Excerpts from a dataset:
--------------------------------
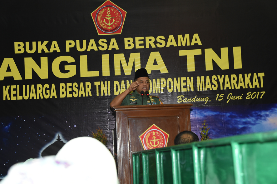 Hal tersebut dikatakan Panglima TNI Jenderal TNI Gatot Nurmantyo pada acara buka puasa bersama Prajurit TNI dan Anak Yatim Piatu, di Gedung Wiryadinata Mako Korpaskhas TNI AU Margahayu Bandung, Jawa Barat, Kamis malam (15/6/2017).
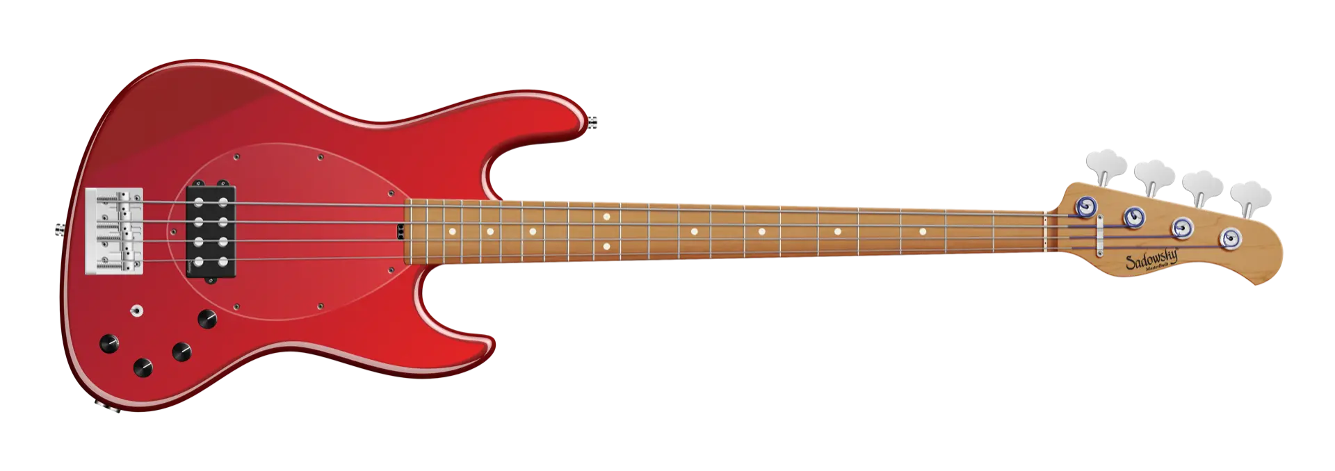 Der Sadowsky MasterBuilt 21-Fret Vintage M Bass bietet das Aussehen und das Spielgefühl eines Vintage M Basses, aber mit dem modernen Sadowsky-Ton. Dieser 4-saitige Bass, hier in einem Solid Candy Apple Red Metallic High Polish-Finish, verfügt über einen schlanken, unterdimensionierten J-Style Korpus aus amerikanischer Sumpfesche (chambered). Der Hals ist aus geröstetem amerikanischem Ahorn gefertigt und hat ein Griffbrett aus geröstetem amerikanischem Ahorn. Zu den besonderen Merkmalen dieses Basses gehören ein passiver Sadowsky Quad-Coil Humbucker mit Alnico V Magneten und eine aktive Elektronik mit True Bypass, Vintage Tone Control, Treble und Bass Boost und einem 3-Wege-Kippschalter für die Humbucker-Pickup-Konfiguration (Serie / Parallel / Single Coil). Dieser Bass verfügt außerdem über leichte, offene Sadowsky-Mechaniken und die Sadowsky Quick String Release Bridge. Jeder Sadowsky MasterBuilt Vintage M Bass wird ausschließlich in Deutschland gefertigt. Das Gewicht dieses Basses beträgt nie mehr als 3,8 kg. Eine gute Wahl für Spieler, die einen leichten Bass suchen, der einen modernen Bass-Sound bietet.
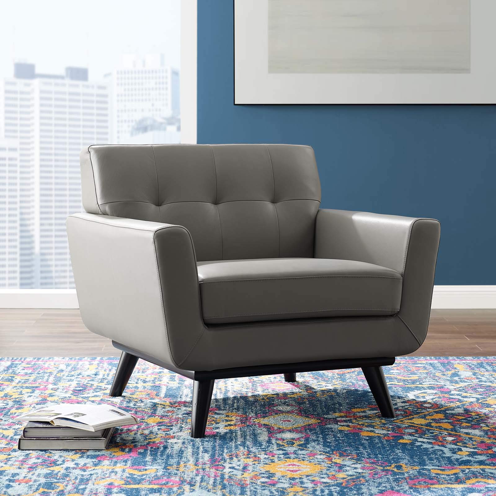 - Contemporary style the roomy Depth and Iconic look of this armchair showcase mid-century modern design. Boasting tailored Lines, this Leather armchair embodies retro intrigue and Sophistication
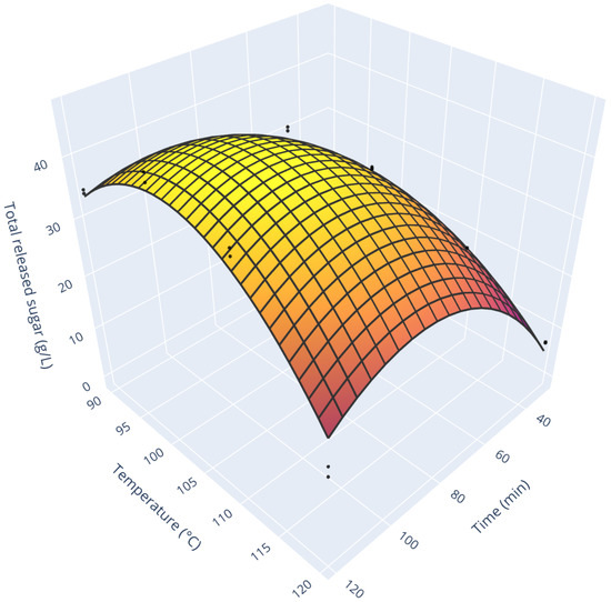 Response surface of the concentration of the total sugar (glucose + fructose) released by acid hydrolysis. Runs 21 and 23 excluded.
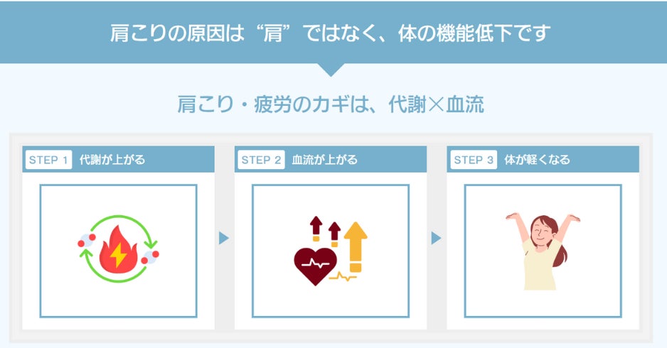 肩こり・疲労回復のカギは、「代謝 × 血流」
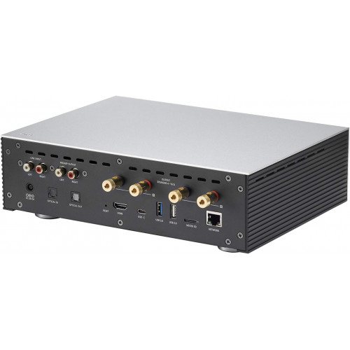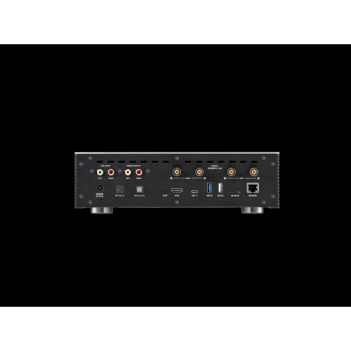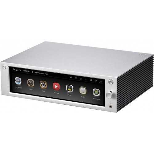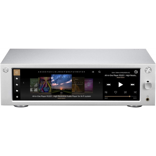 - Media Center, Streameur, Servidor, Rippeur, el RS201E es un reproductor de audio/vídeo multitarea y versátil, con un chip DAC ES9018K2M, un controlador de volumen y un amplificador de 2 x 50 W. El RS201E también cuenta con un procesador de vídeo 4K en salida HDMI para su función multimedia Center, así como un panel táctil frontal de 8,8 pulgadas con una fluidez impresionante. El RS201E es una auténtica cadena HiFi completa que ofrece prestaciones de sonido Audiophile, en un volumen muy contenido. Sus numerosas entradas y salidas, su amplia conectividad inalámbrica permiten al RS201E adaptarse a todas las situaciones, y a todos los usos. Podrá encontrar su lugar tanto en su sistema de audio actual como en una nueva instalación compacta. Lo mejor de todo, es posible desactivar completamente la parte analógica del dispositivo para usarlo en streamer/servidor puro. El RS201E integra un chip DAC Sabre ES9018K2M, segundo de un reloj FEMTO para deshacerse de un máximo de jitter. Este chip soporta DSD hasta DSD256, archivos PCM hasta 32/384 kHz, y MQA. La tecnología Hyperstream II presente en estos chips permite reconstruir la señal limpiamente, y el Time Domain Eliminator elimina eficazmente los ruidos digitales. El chip DAC está conectado a una salida preamp para salir a un amplificador externo, así como al amplificador interno Texas Instrument PurePath 2 x 50 W bajo 8 ohmios, clase D. Esta segunda salida permite conectar tus altavoces principales o enviar la señal a un sistema secundario (Home Cinema, por ejemplo). El RS201E dispone de numerosas entradas y salidas, para una conectividad universal – o casi : entradas: 1 x línea RCA estéreo, 1 x Toslink óptico 2 x USB (1 x USB 2.0, 1 x USB 3.0) – (formato soportado: NTFS/FAT32, 512 GB máximo para memoria USB, HDD externo hasta 4 TB) Ranura Micro SD (formato soportado: NTFS/FAT32 TB/NTFS/FAT32 TB/TFS/ TB/TFS/ TB/1 GB). FAT32, 512 GB máximo).
--------------------------------
Work to complete: Return every record above exactly as written, but drop the pictures.

Output for this exercise:
 Hal tersebut dikatakan Panglima TNI Jenderal TNI Gatot Nurmantyo pada acara buka puasa bersama Prajurit TNI dan Anak Yatim Piatu, di Gedung Wiryadinata Mako Korpaskhas TNI AU Margahayu Bandung, Jawa Barat, Kamis malam (15/6/2017).
 Der Sadowsky MasterBuilt 21-Fret Vintage M Bass bietet das Aussehen und das Spielgefühl eines Vintage M Basses, aber mit dem modernen Sadowsky-Ton. Dieser 4-saitige Bass, hier in einem Solid Candy Apple Red Metallic High Polish-Finish, verfügt über einen schlanken, unterdimensionierten J-Style Korpus aus amerikanischer Sumpfesche (chambered). Der Hals ist aus geröstetem amerikanischem Ahorn gefertigt und hat ein Griffbrett aus geröstetem amerikanischem Ahorn. Zu den besonderen Merkmalen dieses Basses gehören ein passiver Sadowsky Quad-Coil Humbucker mit Alnico V Magneten und eine aktive Elektronik mit True Bypass, Vintage Tone Control, Treble und Bass Boost und einem 3-Wege-Kippschalter für die Humbucker-Pickup-Konfiguration (Serie / Parallel / Single Coil). Dieser Bass verfügt außerdem über leichte, offene Sadowsky-Mechaniken und die Sadowsky Quick String Release Bridge. Jeder Sadowsky MasterBuilt Vintage M Bass wird ausschließlich in Deutschland gefertigt. Das Gewicht dieses Basses beträgt nie mehr als 3,8 kg. Eine gute Wahl für Spieler, die einen leichten Bass suchen, der einen modernen Bass-Sound bietet.
 - Contemporary style the roomy Depth and Iconic look of this armchair showcase mid-century modern design. Boasting tailored Lines, this Leather armchair embodies retro intrigue and Sophistication
 Response surface of the concentration of the total sugar (glucose + fructose) released by acid hydrolysis. Runs 21 and 23 excluded.
 肩こり・疲労回復のカギは、「代謝 × 血流」
 - Media Center, Streameur, Servidor, Rippeur, el RS201E es un reproductor de audio/vídeo multitarea y versátil, con un chip DAC ES9018K2M, un controlador de volumen y un amplificador de 2 x 50 W. El RS201E también cuenta con un procesador de vídeo 4K en salida HDMI para su función multimedia Center, así como un panel táctil frontal de 8,8 pulgadas con una fluidez impresionante. El RS201E es una auténtica cadena HiFi completa que ofrece prestaciones de sonido Audiophile, en un volumen muy contenido. Sus numerosas entradas y salidas, su amplia conectividad inalámbrica permiten al RS201E adaptarse a todas las situaciones, y a todos los usos. Podrá encontrar su lugar tanto en su sistema de audio actual como en una nueva instalación compacta. Lo mejor de todo, es posible desactivar completamente la parte analógica del dispositivo para usarlo en streamer/servidor puro. El RS201E integra un chip DAC Sabre ES9018K2M, segundo de un reloj FEMTO para deshacerse de un máximo de jitter. Este chip soporta DSD hasta DSD256, archivos PCM hasta 32/384 kHz, y MQA. La tecnología Hyperstream II presente en estos chips permite reconstruir la señal limpiamente, y el Time Domain Eliminator elimina eficazmente los ruidos digitales. El chip DAC está conectado a una salida preamp para salir a un amplificador externo, así como al amplificador interno Texas Instrument PurePath 2 x 50 W bajo 8 ohmios, clase D. Esta segunda salida permite conectar tus altavoces principales o enviar la señal a un sistema secundario (Home Cinema, por ejemplo). El RS201E dispone de numerosas entradas y salidas, para una conectividad universal – o casi : entradas: 1 x línea RCA estéreo, 1 x Toslink óptico 2 x USB (1 x USB 2.0, 1 x USB 3.0) – (formato soportado: NTFS/FAT32, 512 GB máximo para memoria USB, HDD externo hasta 4 TB) Ranura Micro SD (formato soportado: NTFS/FAT32 TB/NTFS/FAT32 TB/TFS/ TB/TFS/ TB/1 GB). FAT32, 512 GB máximo).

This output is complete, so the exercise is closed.